→ **Data supplied**
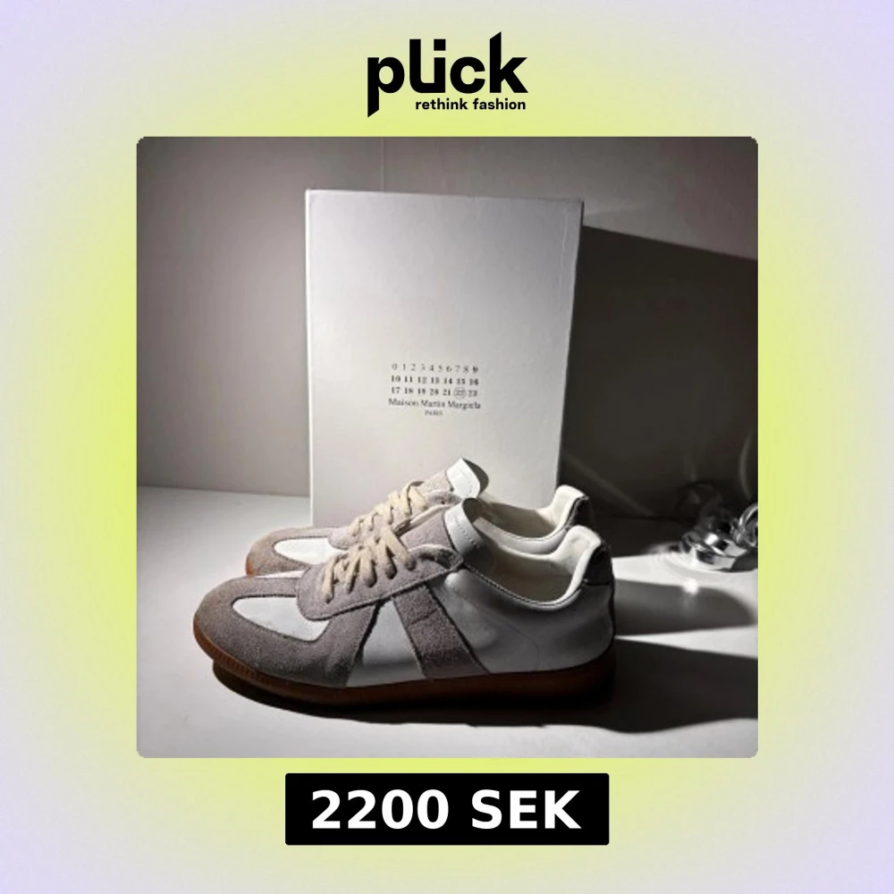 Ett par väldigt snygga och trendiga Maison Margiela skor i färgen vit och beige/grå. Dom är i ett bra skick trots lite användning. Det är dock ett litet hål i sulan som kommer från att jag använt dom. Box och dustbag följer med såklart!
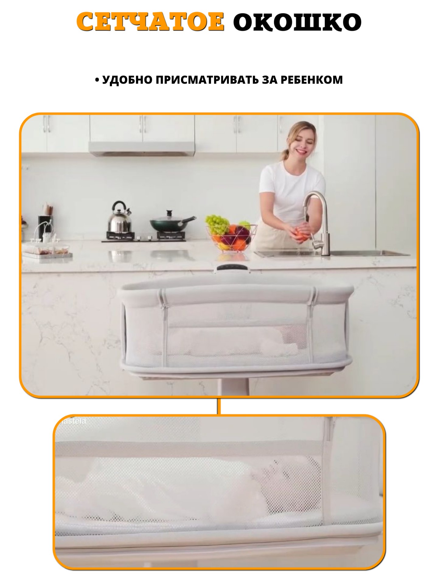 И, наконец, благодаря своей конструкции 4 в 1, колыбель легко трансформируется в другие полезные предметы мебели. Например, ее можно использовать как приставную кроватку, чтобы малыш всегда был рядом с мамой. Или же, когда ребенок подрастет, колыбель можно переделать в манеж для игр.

--

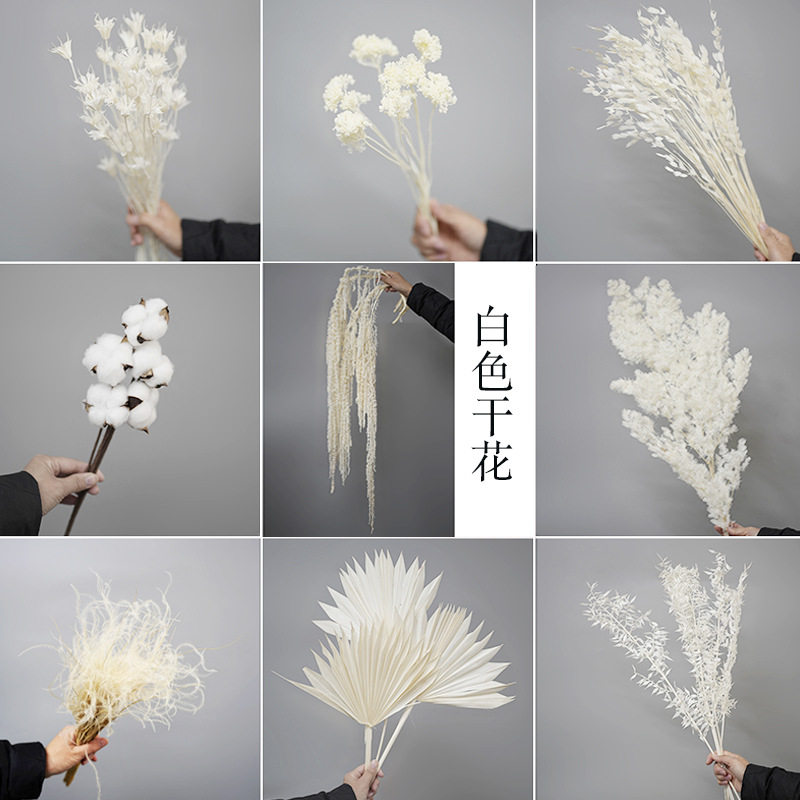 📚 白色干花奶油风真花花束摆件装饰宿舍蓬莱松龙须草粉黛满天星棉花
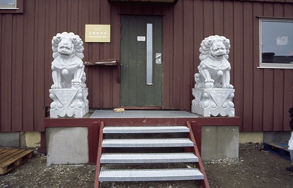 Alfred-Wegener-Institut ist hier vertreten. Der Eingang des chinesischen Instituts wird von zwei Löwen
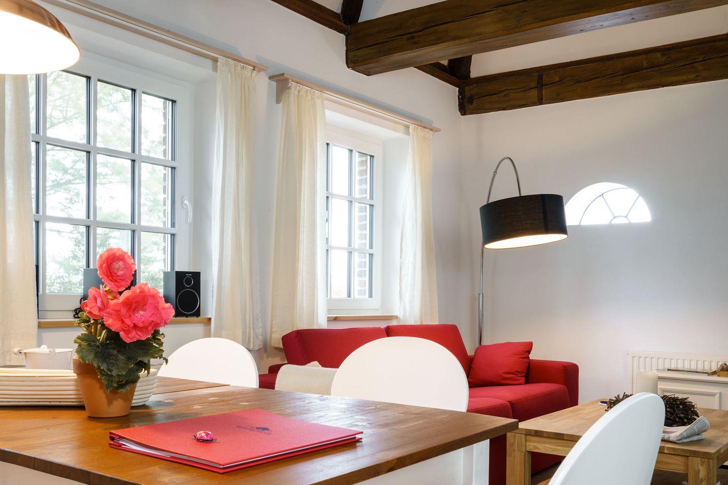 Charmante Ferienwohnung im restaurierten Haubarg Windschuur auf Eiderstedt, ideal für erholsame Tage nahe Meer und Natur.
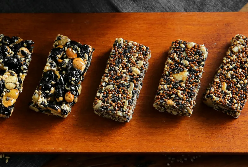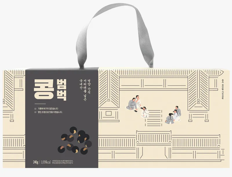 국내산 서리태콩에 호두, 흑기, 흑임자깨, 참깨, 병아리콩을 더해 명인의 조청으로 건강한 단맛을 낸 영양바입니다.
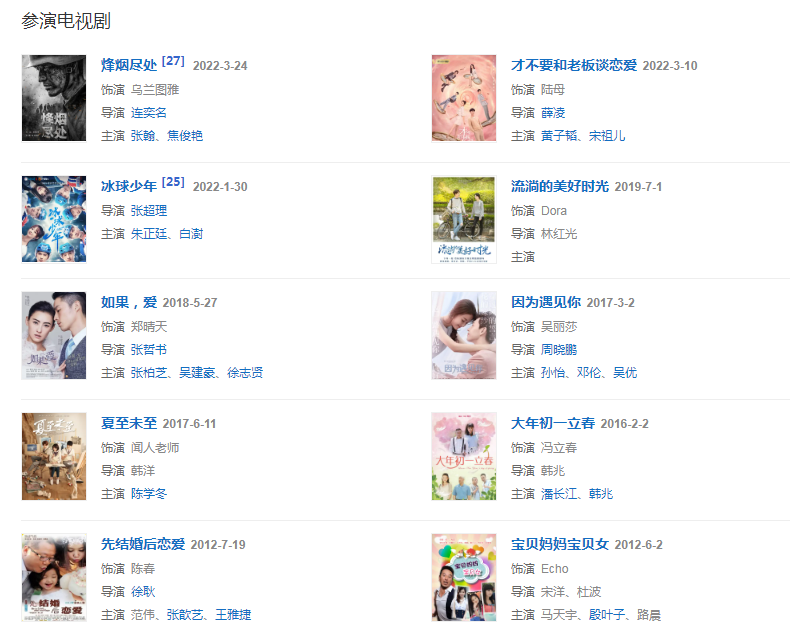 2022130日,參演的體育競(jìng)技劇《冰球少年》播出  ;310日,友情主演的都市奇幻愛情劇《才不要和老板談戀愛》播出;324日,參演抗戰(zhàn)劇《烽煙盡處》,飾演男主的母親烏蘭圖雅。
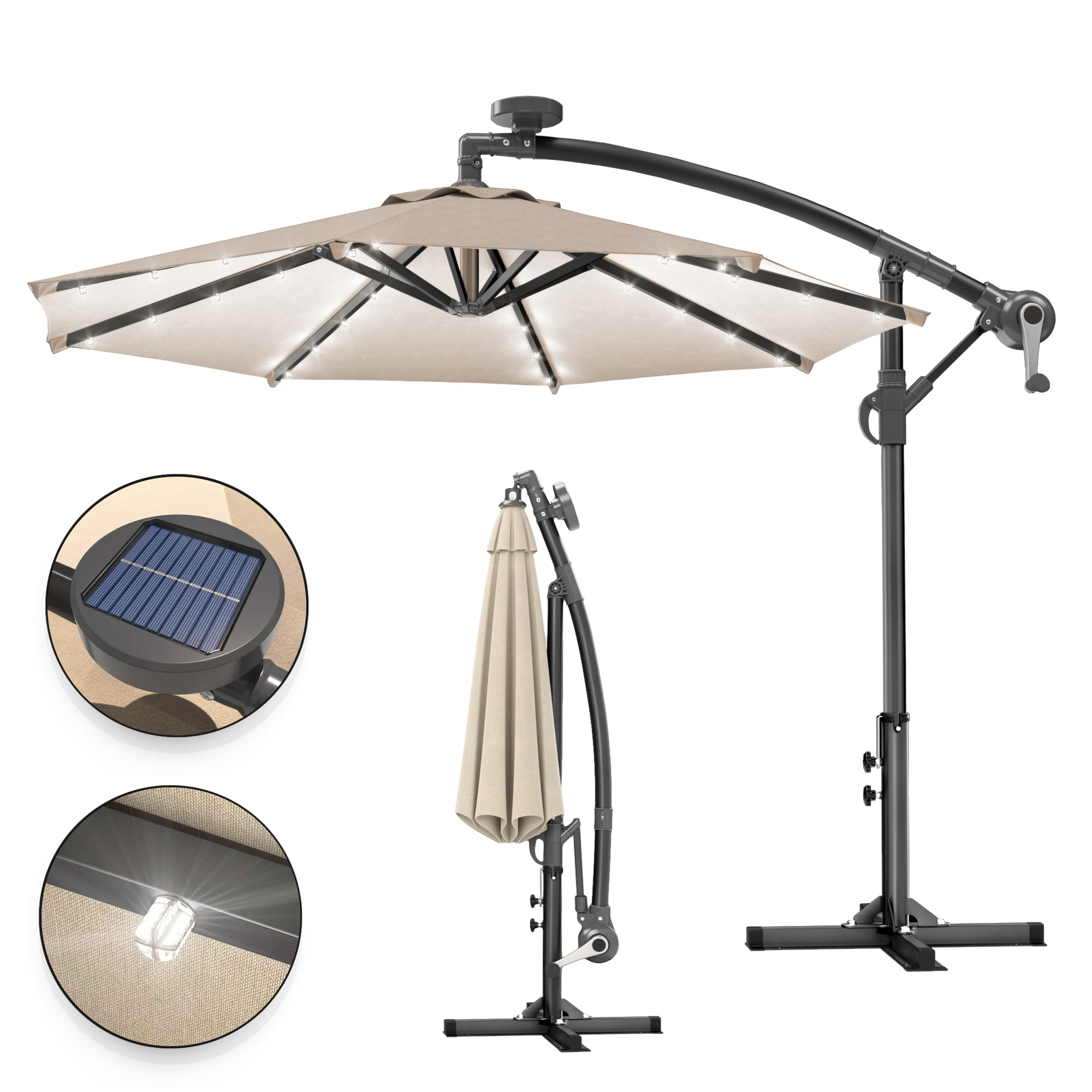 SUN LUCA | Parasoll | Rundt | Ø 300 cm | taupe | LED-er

...

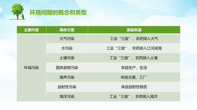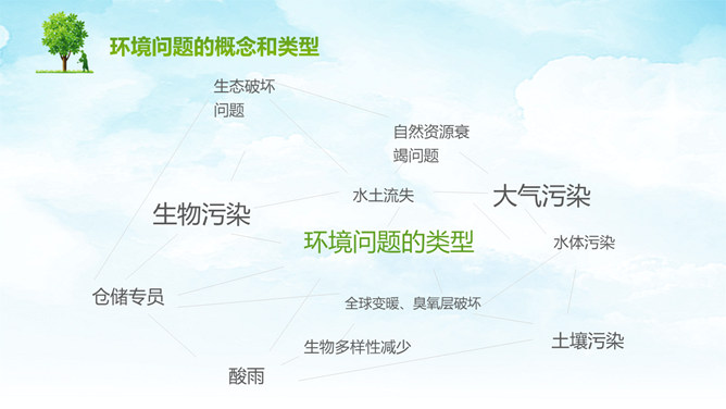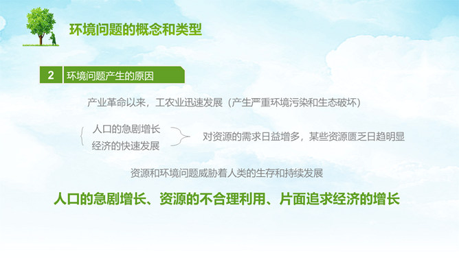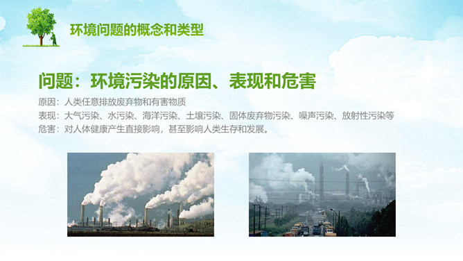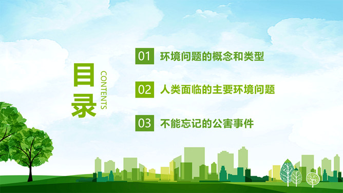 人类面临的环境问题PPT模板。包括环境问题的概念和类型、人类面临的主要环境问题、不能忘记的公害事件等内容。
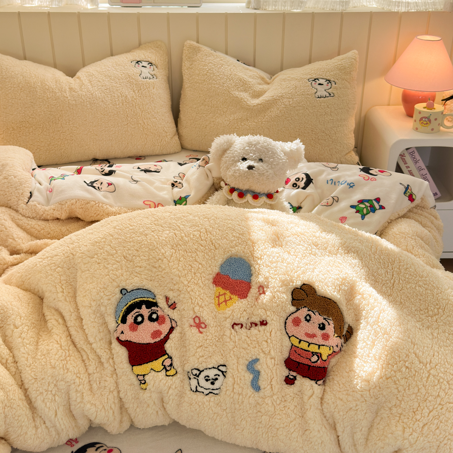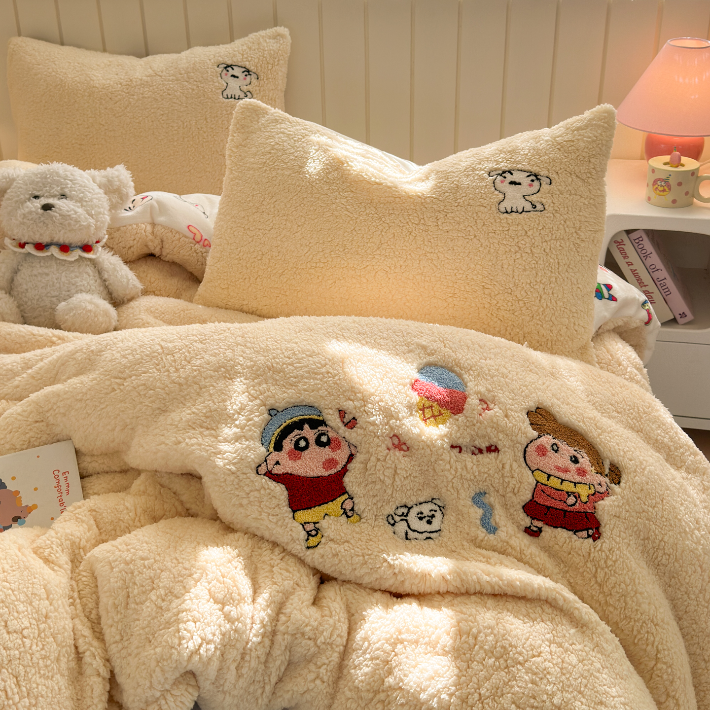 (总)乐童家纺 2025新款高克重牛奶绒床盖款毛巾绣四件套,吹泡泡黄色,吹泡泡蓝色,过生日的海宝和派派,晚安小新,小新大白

→ **Exercise brief**
Nothing but the lines from the one containing "Charmante Ferienwohnung im" through the one containing "SUN LUCA | Parasoll" should appear, copied exactly from the material above and without pictures.

→ **Response area**
 Charmante Ferienwohnung im restaurierten Haubarg Windschuur auf Eiderstedt, ideal für erholsame Tage nahe Meer und Natur.
 국내산 서리태콩에 호두, 흑기, 흑임자깨, 참깨, 병아리콩을 더해 명인의 조청으로 건강한 단맛을 낸 영양바입니다.
 2022130日,參演的體育競(jìng)技劇《冰球少年》播出  ;310日,友情主演的都市奇幻愛情劇《才不要和老板談戀愛》播出;324日,參演抗戰(zhàn)劇《烽煙盡處》,飾演男主的母親烏蘭圖雅。
 SUN LUCA | Parasoll | Rundt | Ø 300 cm | taupe | LED-er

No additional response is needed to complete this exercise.